Le sergent de première classe Itai Bausi, 22 ans, du commando Duvdevan, était en permission lorsqu’il est allé à la rave Nova emportant avec lui un sandwich et quelques pommes dans son sac à dos, accompagné par son ami Ben Mizrachi, un ancien secouriste de Tsahal né à Vancouver et « adopté » par Kvutzat Yavne.
Itai avait participé au dîner de Shabbat avec sa famille, fait la vaisselle avec ses frères, fait une petite sieste et s’apprêtait à partir vers minuit lorsque sa mère est rentrée après avoir promené les deux teckels de la famille.
Il l’a serrée dans ses bras et l’a embrassée pour lui dire au revoir. C’est la dernière fois qu’elle a tenu son fils dans ses bras.
Itai et Mizrachi se sont rendus en voiture dans les champs en dehors de Reim où se tenait la rave. Ils ont rejoint d’autres amis – « à peu près 40 personnes de sa classe de terminale » – et ont dansé toute la nuit, l’une de ses activités favorites.
À 6 h 30, au moment où les terroristes du Hamas ont lancé leur assaut meurtrier sur la fête, un des fronts de leur attaque des communautés situées le long de la frontière avec la bande de Gaza, Bausi et Mizrachi sont remontés dans leur voiture pour essayer de rentrer chez eux. Comme tant d’autres, ils ont été bloqués par des terroristes à la sortie.
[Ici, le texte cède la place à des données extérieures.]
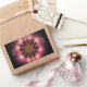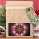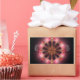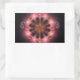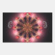 This fractal image depicts a large cheesecake cut into 12 slices. Each slices appears to be decorated with a bluish-green edible stencil of an abstract-looking angels. There is a triangle that represents the dress, two upside-down triangles above it that look like wings. Instead of a head, there are seven bands that stretch towards the top of the stencil. Surrounding the cheesecake are alternating pink and orange beads meant to serve as ornate decorations. Finally at the very top and bottom of the cheesecake are two yellowish angels. If you want a little slice of Heaven, then this is the perfect design for you!

D’autres amis qui ont pris un chemin différent ont réussi à regagner Beer Sheva à 9 heures du matin.
Ce sont eux, ainsi qu’un autre qui a couru et s’est caché pendant huit heures, qui ont plus tard fourni quelques informations aux parents d’Itai.
Itai Bausi et Ben Mizrachi sont retournés sur les lieux où s’était tenue la fête, où ils ont trouvé une voiturette de golf qu’ils ont utilisée pour transporter les blessés jusqu’à la tente des premiers secours.
« Ils présumaient que l’armée était sur le point d’arriver », a expliqué Julie Bausi. « Ils ont voulu aider [les autres], ils ne voulaient pas s’enfuir. Et ils n’avaient aucune idée de l’ampleur de cette attaque ».
À 10h30, alors que ses parents tentaient désespérément de le joindre, Itai avait reçu une balle dans la jambe et dans le dos tirée par les terroristes du Hamas. Il a appelé ses amis, qui ont tenté de l’aider.
« Ils lui ont demandé de leur décrire ce qu’il voyait. ‘Nous enverrons une ambulance à cet endroit' », explique Bausi. « Mon fils savait probablement qu’il était en train de mourir. »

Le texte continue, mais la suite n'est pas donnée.